▶ **ABOUT THIS EXERCISE**: Only the text should come through, so restate the listing exactly and drop its images.
====== SUPPLIED MATERIAL
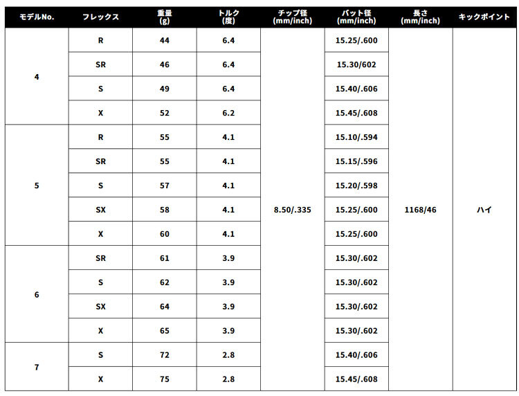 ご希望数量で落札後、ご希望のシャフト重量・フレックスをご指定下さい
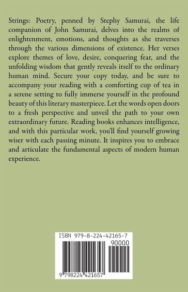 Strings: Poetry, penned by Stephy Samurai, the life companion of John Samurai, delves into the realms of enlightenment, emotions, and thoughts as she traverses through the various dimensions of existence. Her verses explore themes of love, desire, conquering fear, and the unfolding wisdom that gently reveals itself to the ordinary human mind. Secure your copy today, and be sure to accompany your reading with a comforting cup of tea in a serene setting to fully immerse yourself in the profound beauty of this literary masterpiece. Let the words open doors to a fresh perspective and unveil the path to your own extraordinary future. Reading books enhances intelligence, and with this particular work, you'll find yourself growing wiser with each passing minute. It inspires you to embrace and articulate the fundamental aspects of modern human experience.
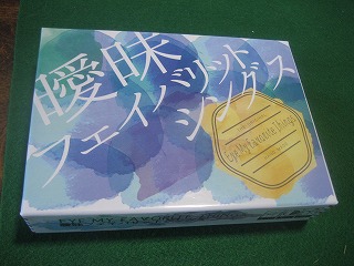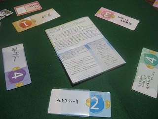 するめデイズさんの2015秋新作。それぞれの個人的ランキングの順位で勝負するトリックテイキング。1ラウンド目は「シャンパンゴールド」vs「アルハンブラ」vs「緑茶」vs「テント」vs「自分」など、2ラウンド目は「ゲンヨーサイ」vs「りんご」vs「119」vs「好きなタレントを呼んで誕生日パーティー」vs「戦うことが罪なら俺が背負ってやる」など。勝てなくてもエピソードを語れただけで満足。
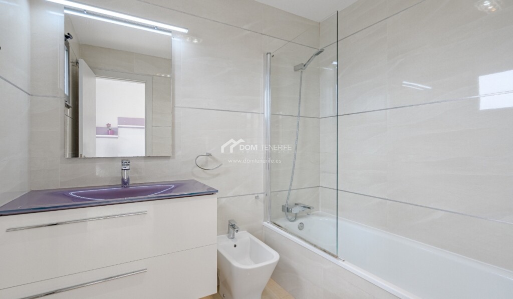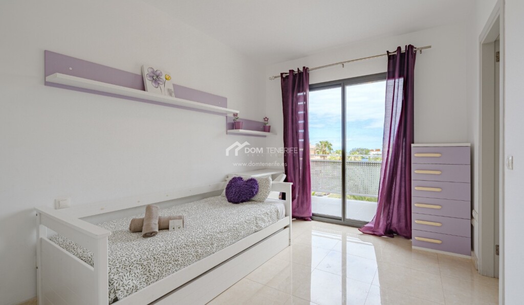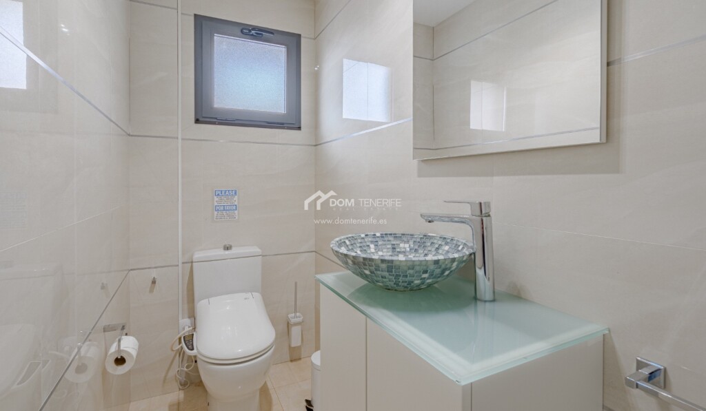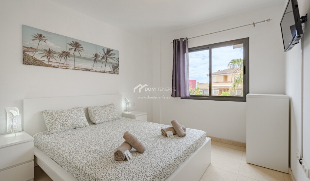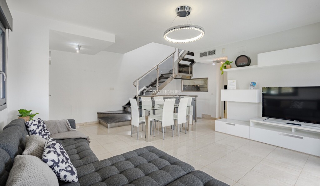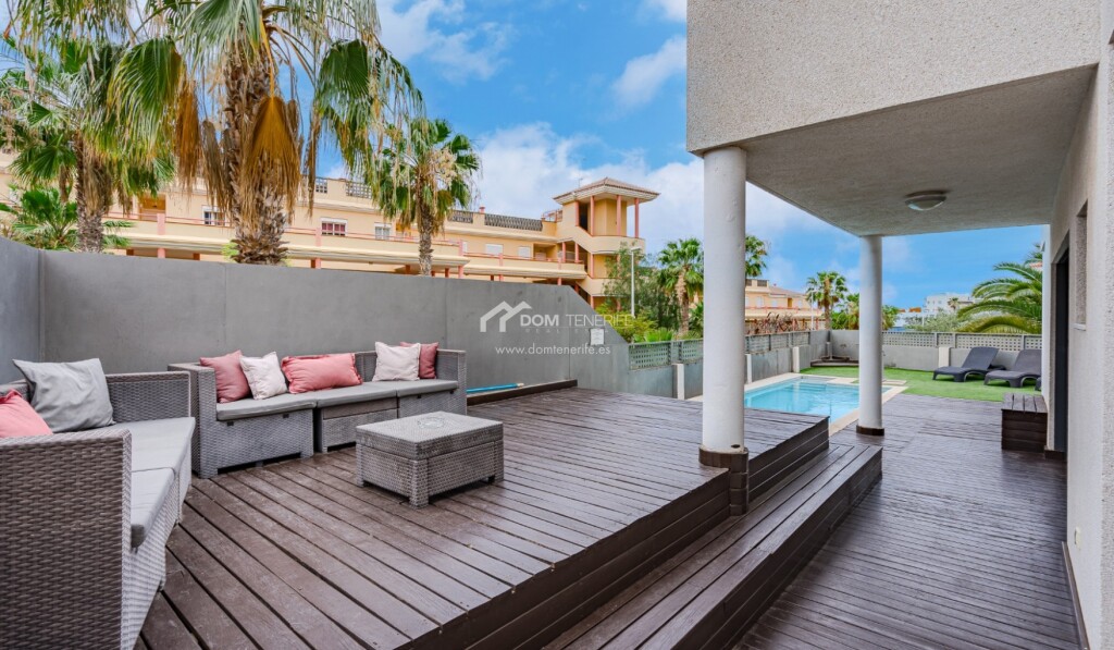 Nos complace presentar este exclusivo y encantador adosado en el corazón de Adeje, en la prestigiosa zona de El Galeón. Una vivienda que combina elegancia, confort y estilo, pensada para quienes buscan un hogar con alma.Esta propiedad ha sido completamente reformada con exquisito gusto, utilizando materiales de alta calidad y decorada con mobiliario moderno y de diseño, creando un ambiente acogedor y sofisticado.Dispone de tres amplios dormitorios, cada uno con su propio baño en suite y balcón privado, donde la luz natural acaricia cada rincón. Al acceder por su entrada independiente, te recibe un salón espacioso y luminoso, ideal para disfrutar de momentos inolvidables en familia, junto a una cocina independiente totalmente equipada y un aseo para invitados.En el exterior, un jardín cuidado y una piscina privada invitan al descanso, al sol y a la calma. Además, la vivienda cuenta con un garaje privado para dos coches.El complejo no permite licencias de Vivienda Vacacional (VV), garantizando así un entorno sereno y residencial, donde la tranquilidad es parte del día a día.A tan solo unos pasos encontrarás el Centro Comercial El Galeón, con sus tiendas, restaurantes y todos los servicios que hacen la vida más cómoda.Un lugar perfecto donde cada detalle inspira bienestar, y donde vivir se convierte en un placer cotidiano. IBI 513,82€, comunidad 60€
============
▶ **TASK ANSWER**:
 ご希望数量で落札後、ご希望のシャフト重量・フレックスをご指定下さい
 Strings: Poetry, penned by Stephy Samurai, the life companion of John Samurai, delves into the realms of enlightenment, emotions, and thoughts as she traverses through the various dimensions of existence. Her verses explore themes of love, desire, conquering fear, and the unfolding wisdom that gently reveals itself to the ordinary human mind. Secure your copy today, and be sure to accompany your reading with a comforting cup of tea in a serene setting to fully immerse yourself in the profound beauty of this literary masterpiece. Let the words open doors to a fresh perspective and unveil the path to your own extraordinary future. Reading books enhances intelligence, and with this particular work, you'll find yourself growing wiser with each passing minute. It inspires you to embrace and articulate the fundamental aspects of modern human experience.
 するめデイズさんの2015秋新作。それぞれの個人的ランキングの順位で勝負するトリックテイキング。1ラウンド目は「シャンパンゴールド」vs「アルハンブラ」vs「緑茶」vs「テント」vs「自分」など、2ラウンド目は「ゲンヨーサイ」vs「りんご」vs「119」vs「好きなタレントを呼んで誕生日パーティー」vs「戦うことが罪なら俺が背負ってやる」など。勝てなくてもエピソードを語れただけで満足。
 Nos complace presentar este exclusivo y encantador adosado en el corazón de Adeje, en la prestigiosa zona de El Galeón. Una vivienda que combina elegancia, confort y estilo, pensada para quienes buscan un hogar con alma.Esta propiedad ha sido completamente reformada con exquisito gusto, utilizando materiales de alta calidad y decorada con mobiliario moderno y de diseño, creando un ambiente acogedor y sofisticado.Dispone de tres amplios dormitorios, cada uno con su propio baño en suite y balcón privado, donde la luz natural acaricia cada rincón. Al acceder por su entrada independiente, te recibe un salón espacioso y luminoso, ideal para disfrutar de momentos inolvidables en familia, junto a una cocina independiente totalmente equipada y un aseo para invitados.En el exterior, un jardín cuidado y una piscina privada invitan al descanso, al sol y a la calma. Además, la vivienda cuenta con un garaje privado para dos coches.El complejo no permite licencias de Vivienda Vacacional (VV), garantizando así un entorno sereno y residencial, donde la tranquilidad es parte del día a día.A tan solo unos pasos encontrarás el Centro Comercial El Galeón, con sus tiendas, restaurantes y todos los servicios que hacen la vida más cómoda.Un lugar perfecto donde cada detalle inspira bienestar, y donde vivir se convierte en un placer cotidiano. IBI 513,82€, comunidad 60€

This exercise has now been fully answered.